Part IVA of the Income Tax Assessment Act 1936 is a general anti-avoidance rule that can apply in certain circumstances if you or another taxpayer obtains a tax benefit in connection with an arrangement and it can be concluded that the arrangement, or any part of it, was entered into or carried out by any person for the dominant purpose of enabling a tax benefit to be obtained.
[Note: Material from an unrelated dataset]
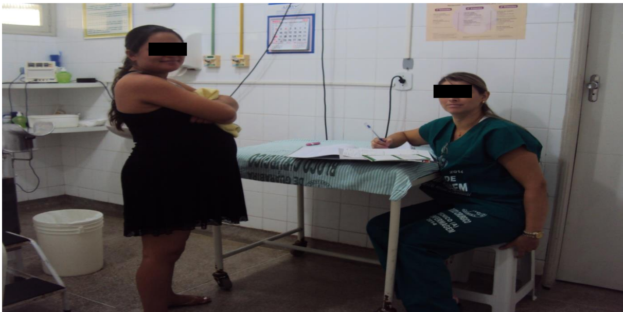
Figura 3. Parturientes no acolhimento inicial pela equipe de Enfermagem.

A população contemplada foram parturientes que utilizam e necessitam do serviço da maternidade na forma de internação hospitalar e/ou observação ambulatorial.

If Part IVA applies the tax benefit can be cancelled, for example, by disallowing a deduction that was otherwise allowable.
We have not considered the application of Part IVA to the arrangement you asked us to rule on.
Reasons for decision
Under subsection 109D(1) of the Income Tax Assessment Act 1936 (ITAA 1936) an amount lent by a private company to a shareholder during the current year is taken to be a dividend for the purposes of Division 7A if the loan is not fully repaid before the private company's lodgement day for that income year.
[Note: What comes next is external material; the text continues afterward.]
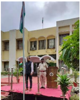
स्वच्छता पखवाड़ा शपथ

डॉ. श्यामा मुखर्जी की जयंती पर व्याख्यान सत्र

Under subsection 109D(1AA) of the ITAA 1936 the amount of the dividend taken to have been paid is the amount of the loan that has not been repaid before the private company's lodgement day for the current year, subject to section 109Y of the ITAA 1936.
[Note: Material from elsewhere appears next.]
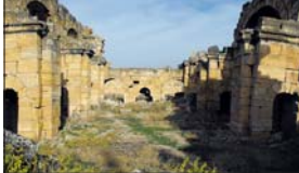
Базилката в бившите терми

П ривиджанахме през о-в Кос (със спирка на о-в Калимос) до Малозантаска при едва ли е нурвало да опиемш подобно... Но като интерес обстоителство мога да спомена, че според пътеводителите именно на Калимос се намират следи от най-големите пазовини „ферми“ за отглеждане и добия на морска гъби („сонтери“). Тази информацията изглежда беше важна, понеже в пристанциния град на островче се натъкнаме на множество складове-магазини за сортиране, пакетиране и продажба на тази стока – на сур и дребно. Освен привоженето ни в банята от дреността до днес, морските гъби са несомнено и в православното боготъжество – една за послушание на св. петер след св. литургия, и друга (сплесната) – за почитане на св. антимон от нападато по него частии, както и за склагане на по-древните тамина от св. дикее в литургия. Това же накарна да се възползам от възможността и да закупя нови гъби и за нашия храм, още повече, че имах възможност да изберам между стотии.

Section 109Y of the ITAA 1936 limits the total amount of dividends taken to have been paid by the private company under Division 7A of the ITAA 1936 to the company's distributable surplus as at the end of its year of income.
Under subsection 109G(3) of the ITAA 1936 forgiveness of a loan debt does not give rise to a dividend if the loan gives rise to a dividend under section 109D.
Under subsection 109F(2) of the ITAA 1936 the amount of the dividend equals the amount of debt forgiven, subject to section 109Y of the ITAA 1936.
Under subsection 109F(6) of the ITAA 1936 an amount of debt an entity owes a private company is also forgiven for the purposes of this Division if a reasonable person would conclude (having regard to all the circumstances) that the private company will not insist on the entity paying the amount or rely on the entity's obligation to pay the amount.
Application to your circumstances
Question 1
The private company has made a loan to the family members (associates) which is taken to be a dividend under section 109D of the ITAA 1936, and the amount of the dividend can be reduced to nil if the company has a nil distributable surplus.
ATOID 2011/33 states;
…the private company is still taken to pay a dividend to the shareholder under subsection 109D(1) of the ITAA 1936. It is only the amount of the dividend under subsection 109D(1AA) of the ITAA 1936 which is affected by the private company's distributable surplus.
Therefore as the company is taken to pay a dividend under 109D of the ITAA 1936 then 109G(3) of the ITAA 1936 operates to exclude there being a dividend under 109F of the ITAA 1936.
Question 2
In the event of the endorsement of the promissory notes by the company's liquidator occurring in a subsequent year of income to that in which the promissory notes are issued to the company by the family members; a dividend may be taken to be paid under section 109F(6) of the ITAA 1936.
However, the company is relying on the family member's obligation under the promissory notes to make an in-specie distribution of the promissory notes to its shareholders.
Therefore, no amount is forgiven under section 109F(6) of the ITAA 1936 in the income year prior to the year in which the promissory notes are endorsed by the company to the trusts.
Further information
If promissory notes are issued prior to liquidation; 109D(1A) of the ITAA 1936 would not be applied, rather, 109D(1) of the ITAA 1936 would apply changing the timing of any dividend.
The application of 109D(1A) of ITAA 1997 effectively provides for a further 12 months for repayment if the loan is made by a liquidator in the course of winding up a company.
ATOID 2011/33 would also have application to these circumstances.